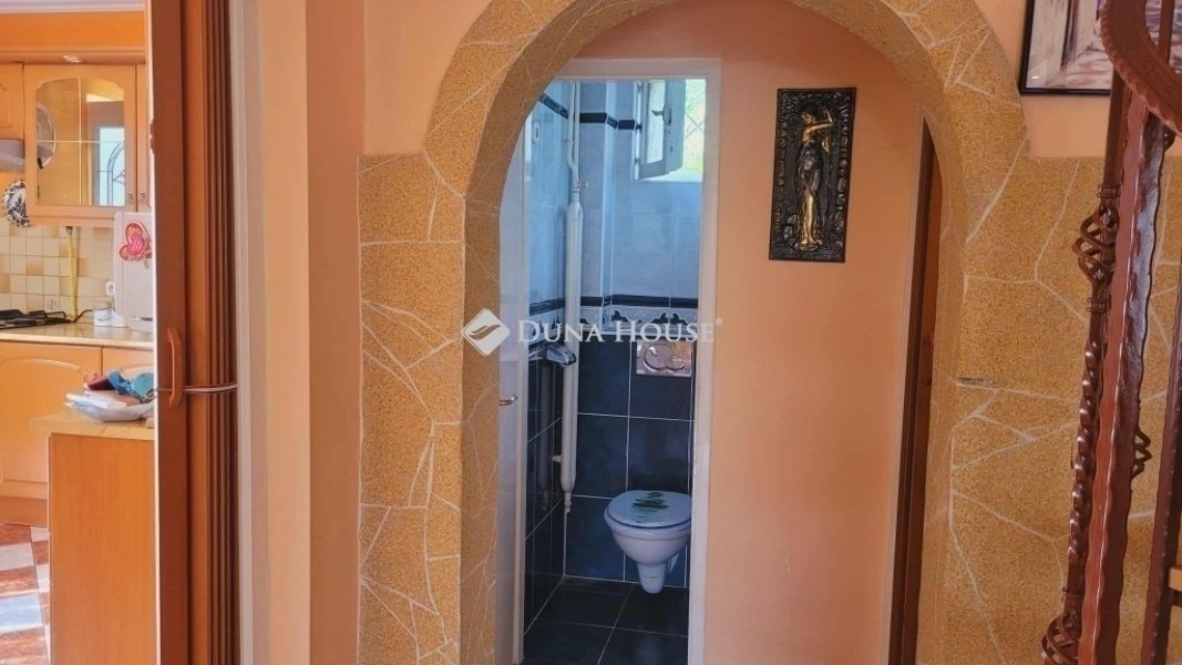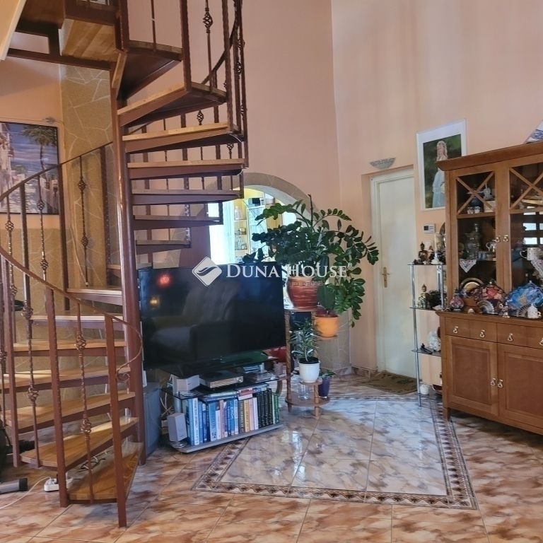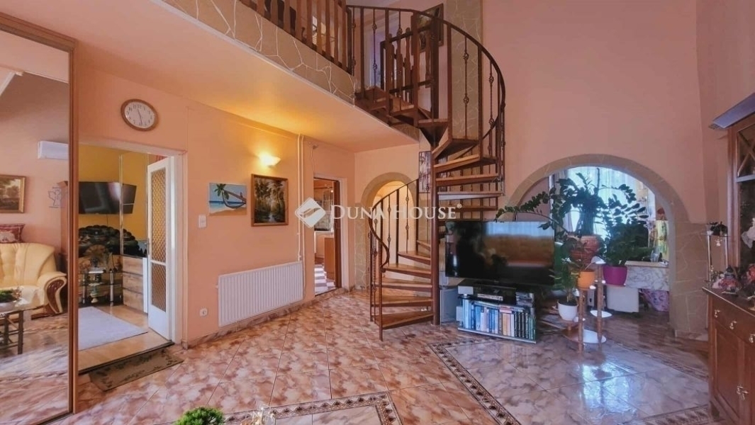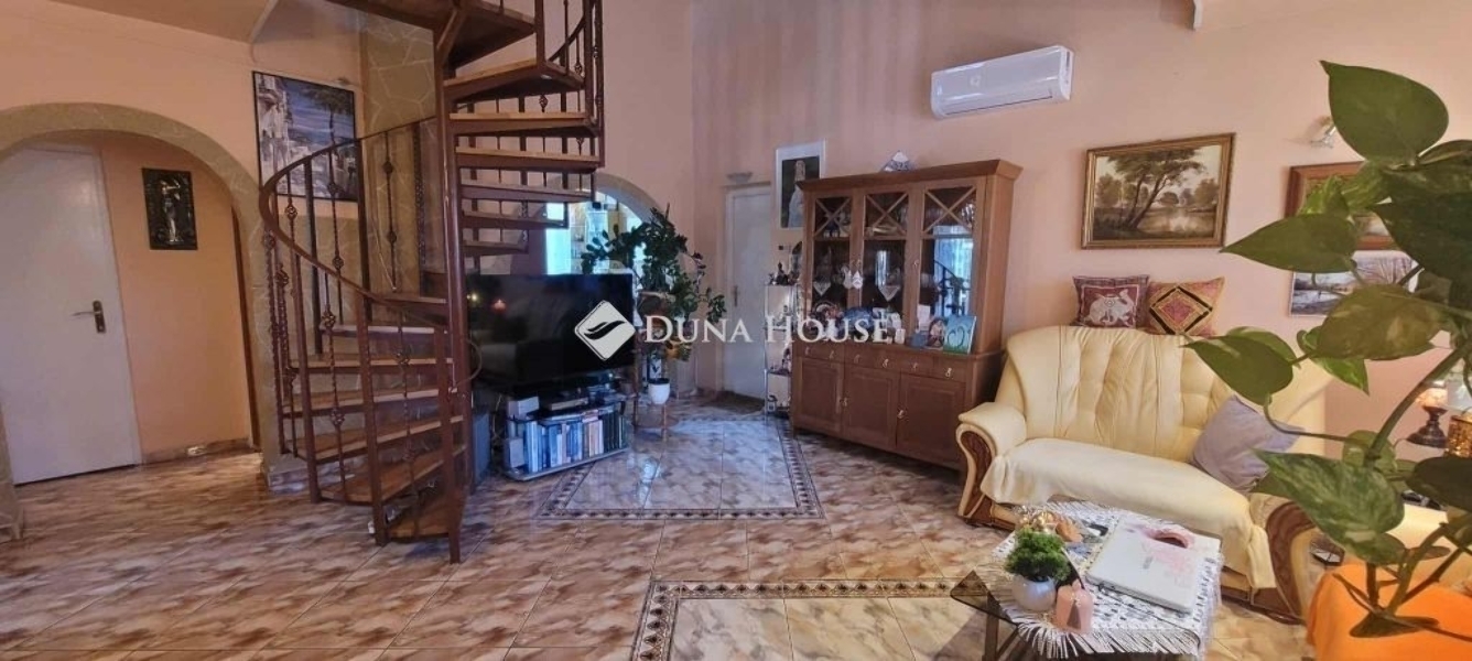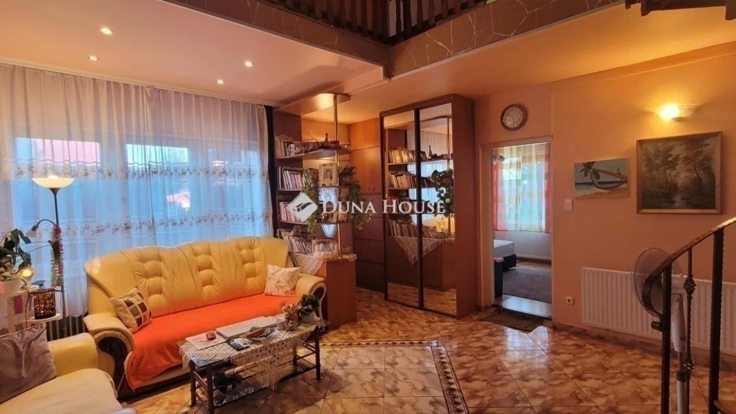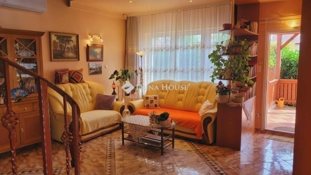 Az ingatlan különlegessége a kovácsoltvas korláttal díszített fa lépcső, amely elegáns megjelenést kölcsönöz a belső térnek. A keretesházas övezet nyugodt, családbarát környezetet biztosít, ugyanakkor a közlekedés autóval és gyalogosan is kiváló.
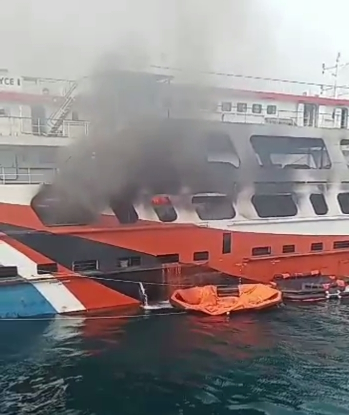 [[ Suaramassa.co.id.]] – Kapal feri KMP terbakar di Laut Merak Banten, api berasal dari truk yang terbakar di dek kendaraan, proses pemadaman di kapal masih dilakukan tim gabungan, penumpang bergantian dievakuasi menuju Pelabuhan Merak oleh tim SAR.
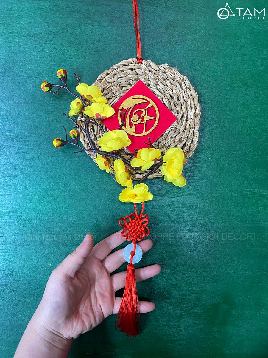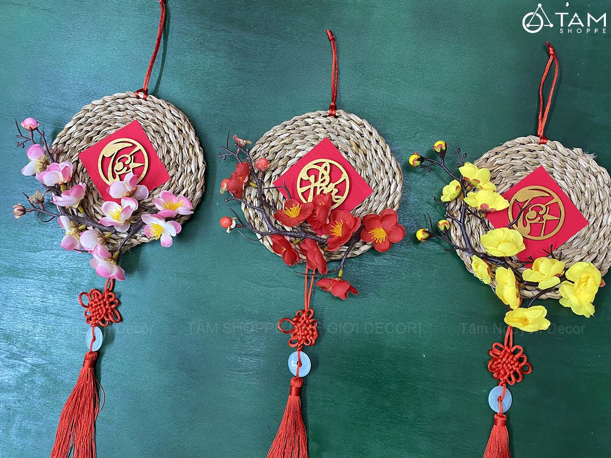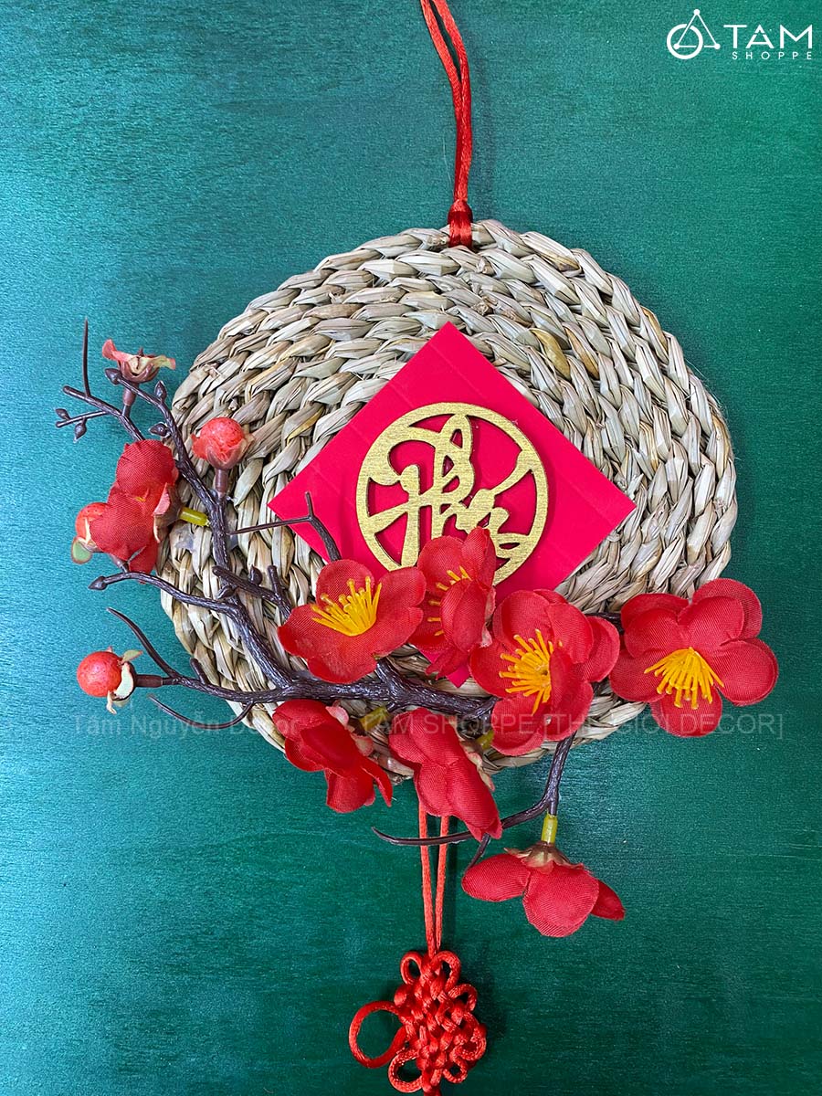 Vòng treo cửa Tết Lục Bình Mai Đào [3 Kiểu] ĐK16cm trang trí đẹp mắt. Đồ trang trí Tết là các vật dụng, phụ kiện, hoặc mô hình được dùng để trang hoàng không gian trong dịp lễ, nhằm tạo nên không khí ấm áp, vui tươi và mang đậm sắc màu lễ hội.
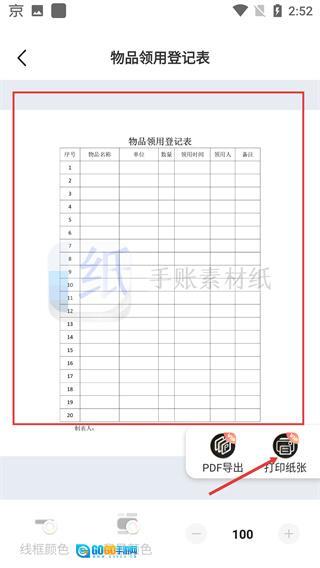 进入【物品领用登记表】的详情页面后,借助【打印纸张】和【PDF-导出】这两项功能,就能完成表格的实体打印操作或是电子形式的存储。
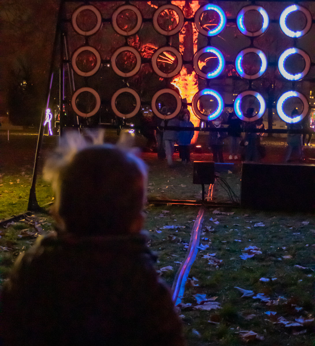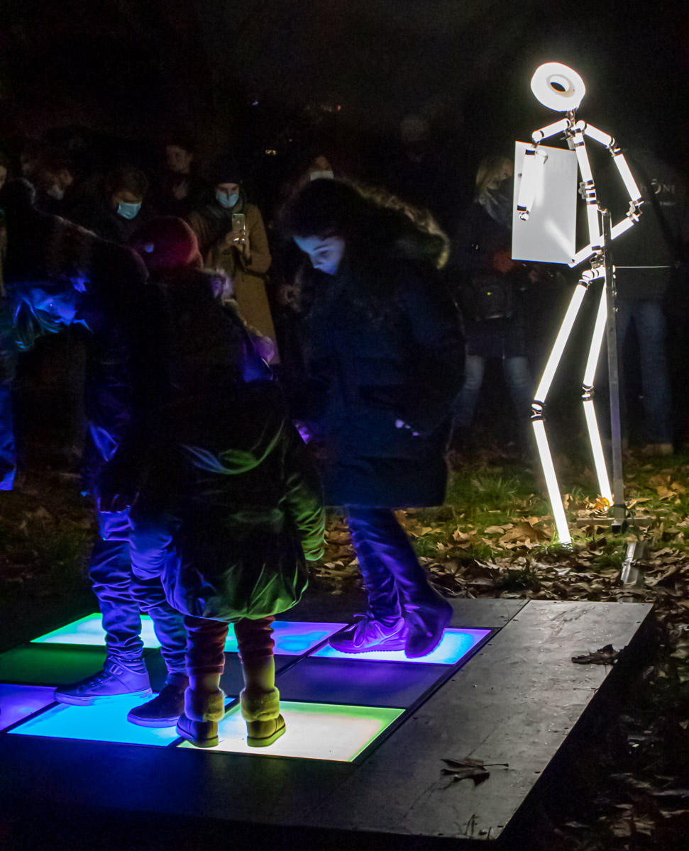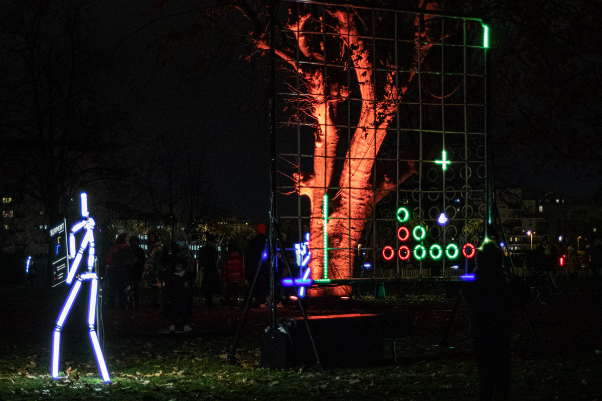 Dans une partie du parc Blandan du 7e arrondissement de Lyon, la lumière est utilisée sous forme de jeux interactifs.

> YOUR ASSIGNMENT:
Find the line that contains "进入【物品领用登记表】的详情". Copy it and every line after it through the end of the listing exactly, but not the pictures.

> RESULT OF THIS EXERCISE:
 进入【物品领用登记表】的详情页面后,借助【打印纸张】和【PDF-导出】这两项功能,就能完成表格的实体打印操作或是电子形式的存储。
 Dans une partie du parc Blandan du 7e arrondissement de Lyon, la lumière est utilisée sous forme de jeux interactifs.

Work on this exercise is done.